**WHAT THE TASK ASKS:**
Begin your copy at the line with "These superb woven" in the records below and end it at the line with "Letní overal bez", restating each line word for word; omit the pictures.

**EXCERPTED RECORDS:**
•••••
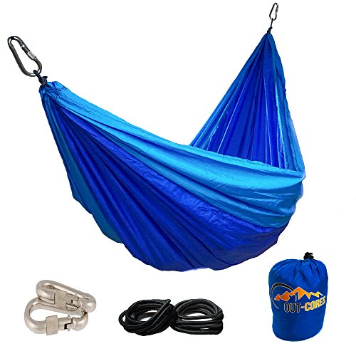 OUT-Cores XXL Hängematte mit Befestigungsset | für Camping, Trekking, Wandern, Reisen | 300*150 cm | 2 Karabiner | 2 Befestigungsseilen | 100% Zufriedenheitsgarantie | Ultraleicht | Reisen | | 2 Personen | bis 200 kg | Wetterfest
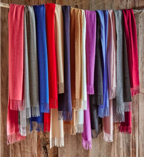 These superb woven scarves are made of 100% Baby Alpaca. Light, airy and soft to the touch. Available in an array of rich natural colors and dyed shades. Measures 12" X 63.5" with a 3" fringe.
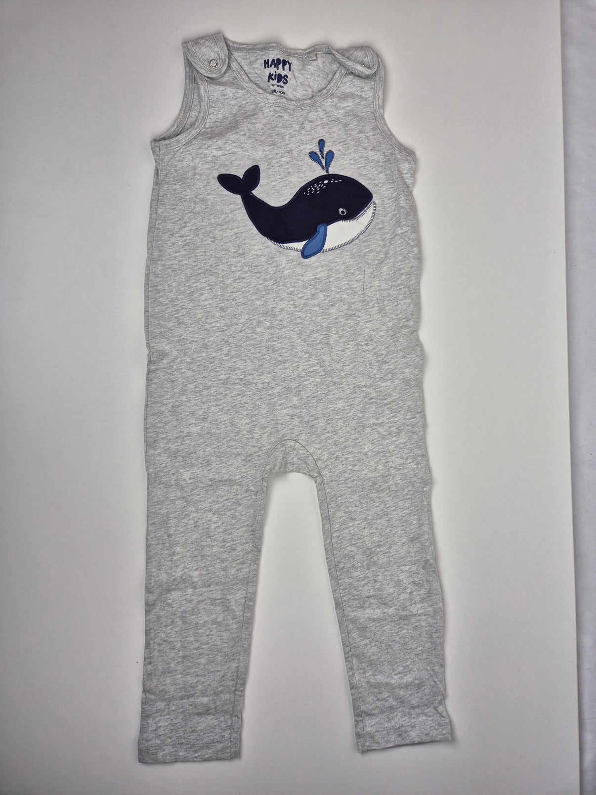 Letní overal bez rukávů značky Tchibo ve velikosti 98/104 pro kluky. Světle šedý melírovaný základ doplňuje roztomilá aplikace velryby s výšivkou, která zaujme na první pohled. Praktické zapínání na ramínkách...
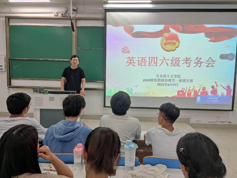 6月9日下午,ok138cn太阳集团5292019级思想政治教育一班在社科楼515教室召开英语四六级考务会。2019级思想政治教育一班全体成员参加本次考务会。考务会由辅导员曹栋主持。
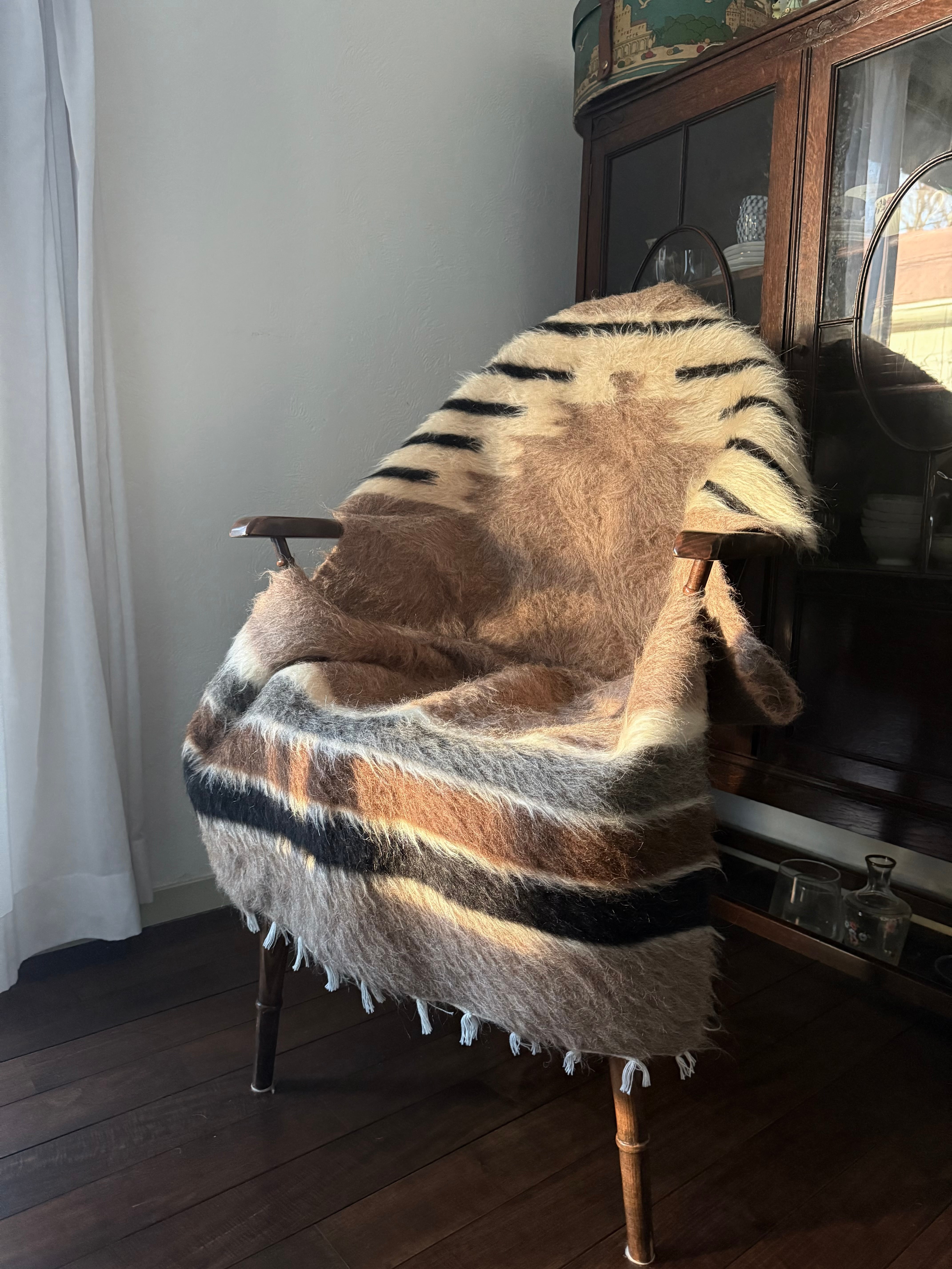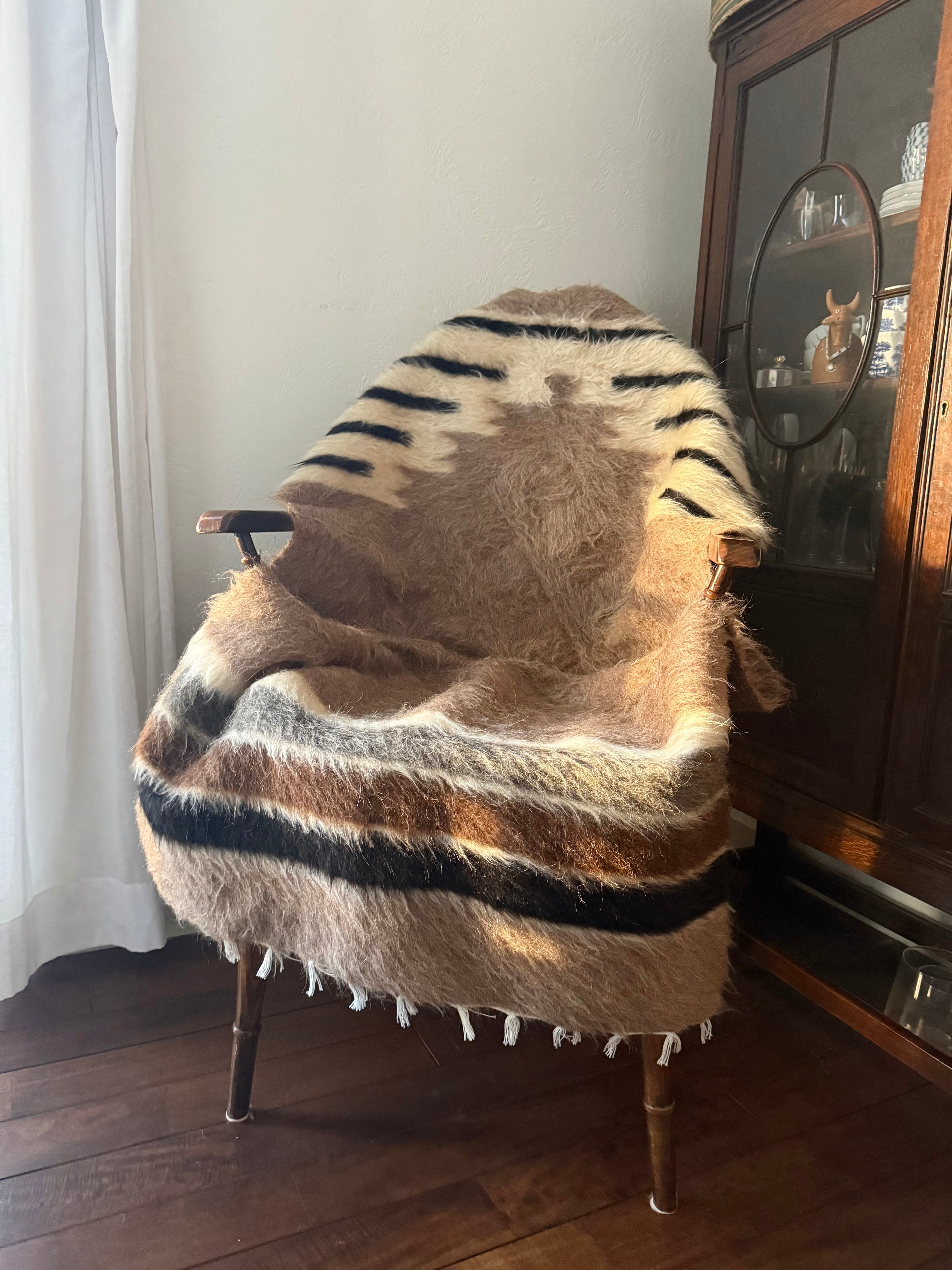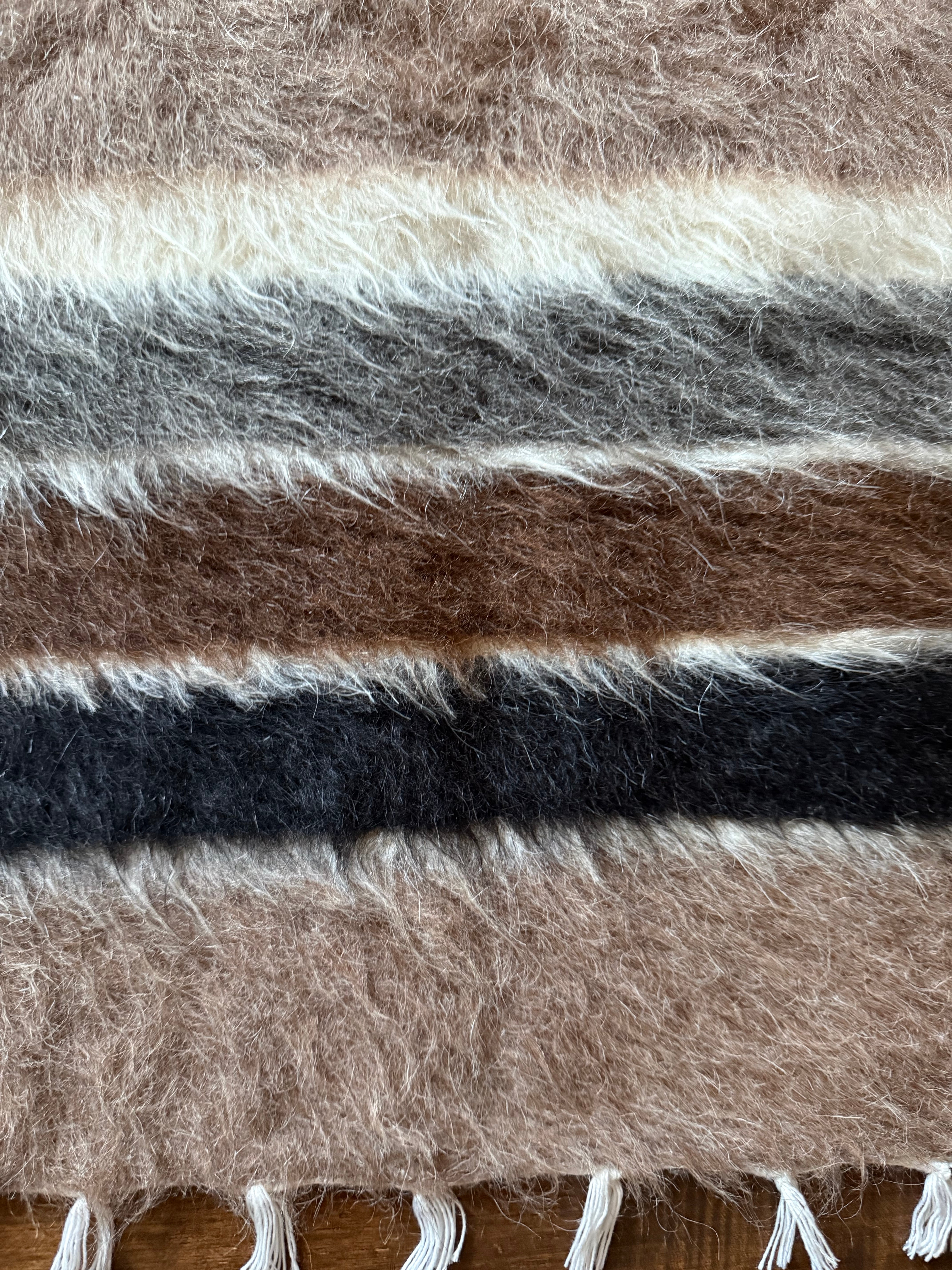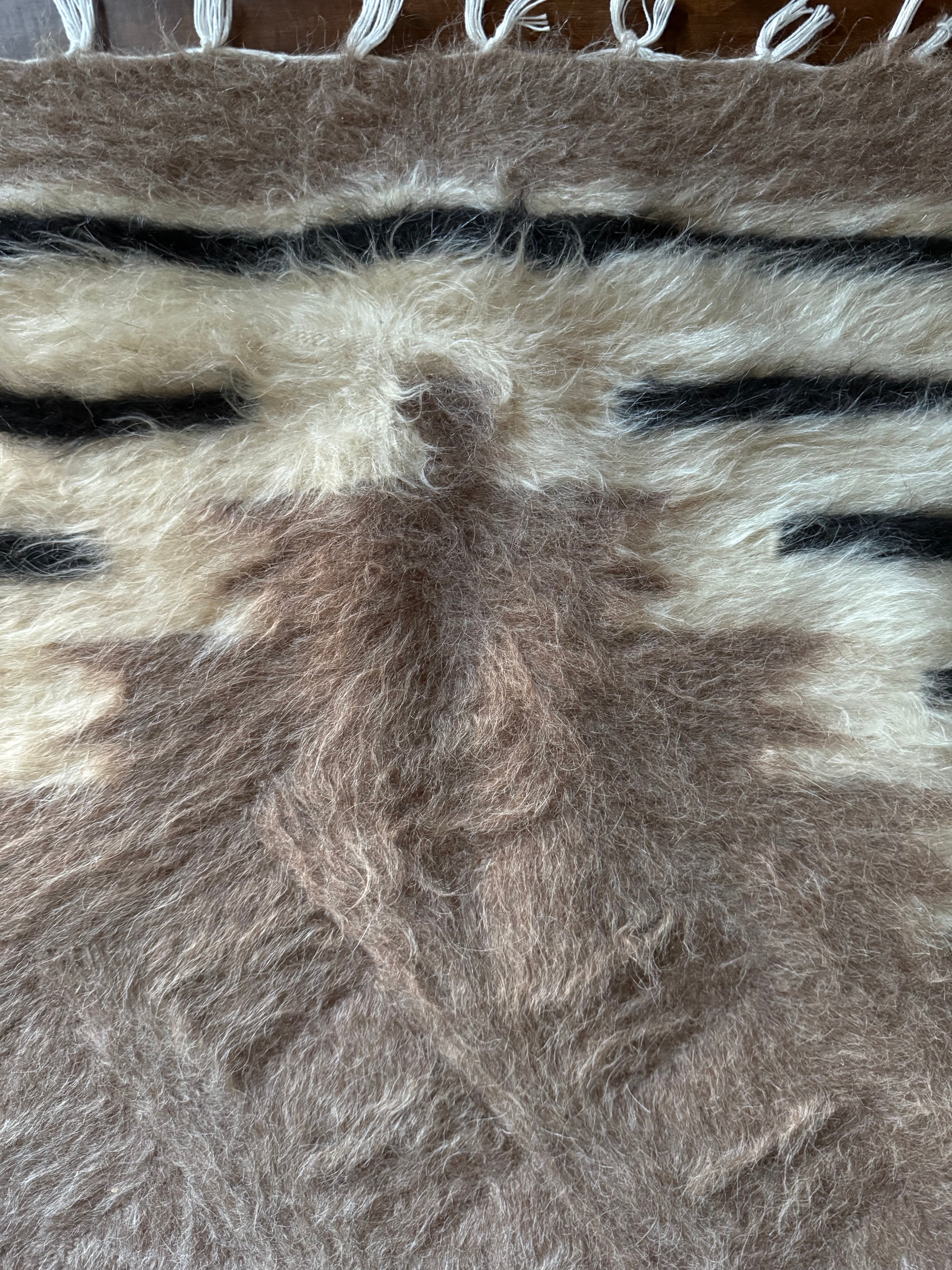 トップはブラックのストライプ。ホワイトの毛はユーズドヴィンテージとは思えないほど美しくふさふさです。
•••••
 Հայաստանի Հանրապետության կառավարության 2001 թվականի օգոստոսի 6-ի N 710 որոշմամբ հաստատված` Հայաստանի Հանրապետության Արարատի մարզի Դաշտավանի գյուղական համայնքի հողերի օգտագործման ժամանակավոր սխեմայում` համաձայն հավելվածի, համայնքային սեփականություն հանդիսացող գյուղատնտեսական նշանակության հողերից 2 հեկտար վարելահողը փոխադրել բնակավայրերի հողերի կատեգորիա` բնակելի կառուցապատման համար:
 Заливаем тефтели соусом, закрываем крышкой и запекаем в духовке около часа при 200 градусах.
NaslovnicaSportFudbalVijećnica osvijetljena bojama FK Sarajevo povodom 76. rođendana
•••••
**TASK OUTPUT:**
 These superb woven scarves are made of 100% Baby Alpaca. Light, airy and soft to the touch. Available in an array of rich natural colors and dyed shades. Measures 12" X 63.5" with a 3" fringe.
 Letní overal bez rukávů značky Tchibo ve velikosti 98/104 pro kluky. Světle šedý melírovaný základ doplňuje roztomilá aplikace velryby s výšivkou, která zaujme na první pohled. Praktické zapínání na ramínkách...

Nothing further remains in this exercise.